It's a lucky fishing hat from now on, even got the gold cap fishing hook on it now. 
Those pliers are awesome and those hooks are gonna catch him a winning fish next year for sure. I'll yak the baits.


----------



## jagarcia10 (Mar 10, 2011)

justletmein said:


> I saw you grab that Saltist combo, I wanted that one BAD! Congrats man. :cheers:
> 
> Those door prizes drove me nuts! Danced all over my numbers and never hit... I had one ticket they called the number directly before it, and the 3 numbers directly after it. My other ticket they called the number directly after it and then jumped all over within several numbers before and after it. Argh!!!!!


Thanks. Thats sucks man, it was like that for me but finally my numbers started hitting.

It was my first time to enter the tournament. Although the conditions sucked it was still pretty cool. Lots of nice trucks and some hardcore fisherman. We pulled anchor on Saturday evening and headed off the beach.

Our baits wern't sticking and the ones that were sticking were getting burried in the sand making it almost impossible to get them back. We had some nice baits out that never got touched. The whiting were eating our cut skipjack and the skipjack was eating our cut whiting!


----------



## justletmein (Feb 11, 2006)

WHAT said:


> Thanks. Thats sucks man, it was like that for me but finally my numbers started hitting.
> 
> It was my first time to enter the tournament.

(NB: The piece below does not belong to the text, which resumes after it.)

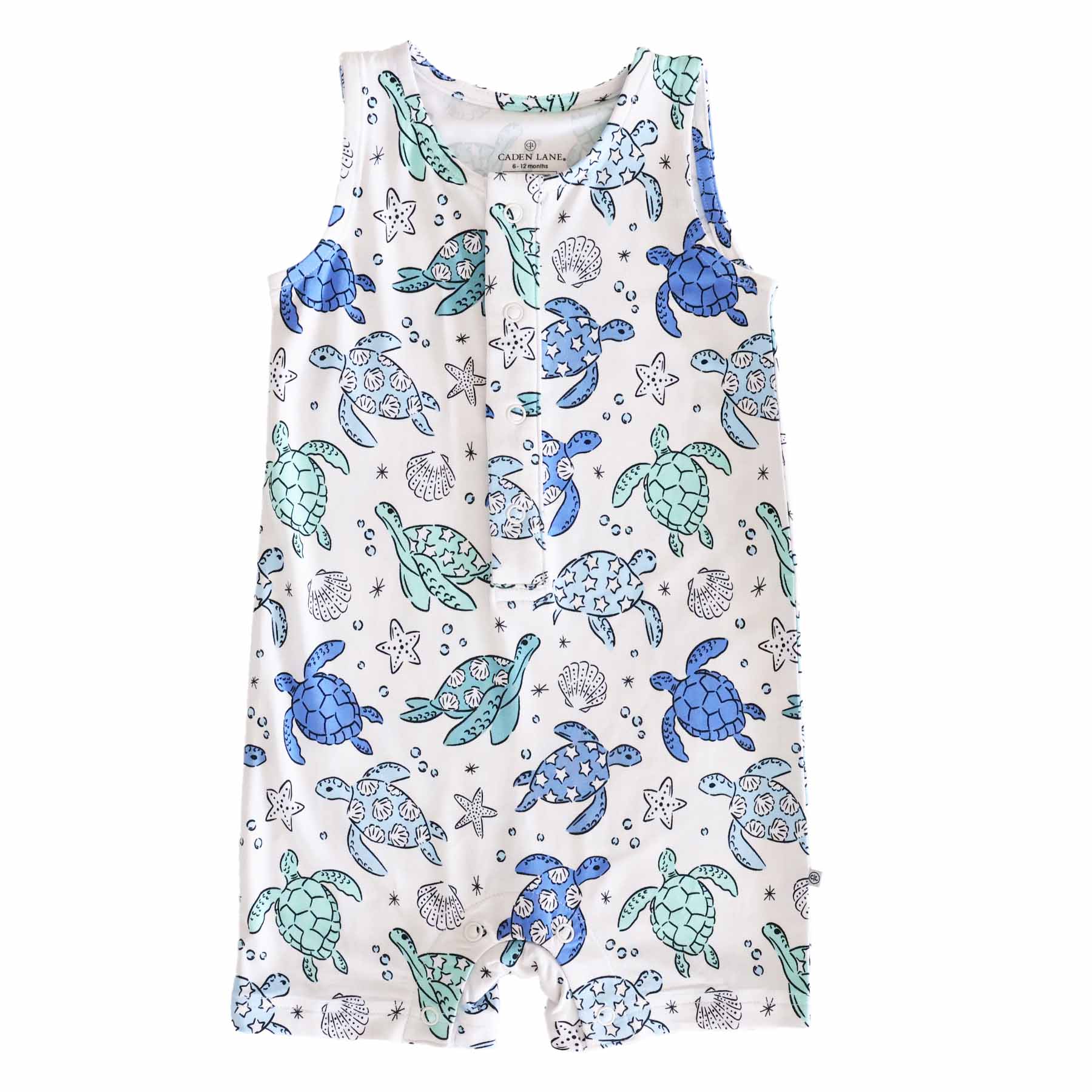 Bursting with vibrant shades of ocean blue and tropical green, this playful sea turtle print is perfect for your little beach buddy. Whether he's headed to the pool, playing in the backyard, or enjoying a seaside stroll, he’ll stay cool and comfortable in this adorable one-piece romper. Crafted from ultra-soft and breathable bamboo viscose, this romper is designed to keep your baby comfy and cool on even the sunniest days. The lightweight fabric is naturally temperature-regulating and moisture-wicking, making it ideal for summertime adventures. Sleeveless with short legs, this snap romper offers maximum airflow for nap time, play time and all the time. Snap closures along the front make dressing and diaper changes a breeze, so you can spend more time soaking up those sunny smiles and less time fussing with buttons. Plus, the stretchy material allows your little guy to move freely, whether he’s scooting across the floor or cuddled up in your arms. Cute, comfy, and ready for warm-weather fun, the Sea Turtle Splash romper is a must-have for any summer wardrobe.

Although the conditions sucked it was still pretty cool. Lots of nice trucks and some hardcore fisherman. We pulled anchor on Saturday evening and headed off the beach.
> 
> Our baits wern't sticking and the ones that were sticking were getting burried in the sand making it almost impossible to get them back. We had some nice baits out that never got touched. The whiting were eating our cut skipjack and the skipjack was eating our cut whiting!


We saw a LOT of trucks heading North on Saturday, constant stream for several hours it seems. I was beginning to freak out over how many trucks were actually South of us, must have been crowded down there. We stuck it out and I was planning to fish late into the night on Saturday with JC but my energy reserves bottomed out hard right as conditions started to improve later that night and I had to cave in to the tent.


----------



## PBD539 (May 4, 2010)

Greatwhite said:


> is this Shawn?


Yep its me!



jc said:


> thanks to Shoal Patrol and all other sponsors... I won dik in door prizes as usual but my boy walked with some $80 Evolution pliers, a buncha 20/0 circles and a Zebco hat... he loves that hat!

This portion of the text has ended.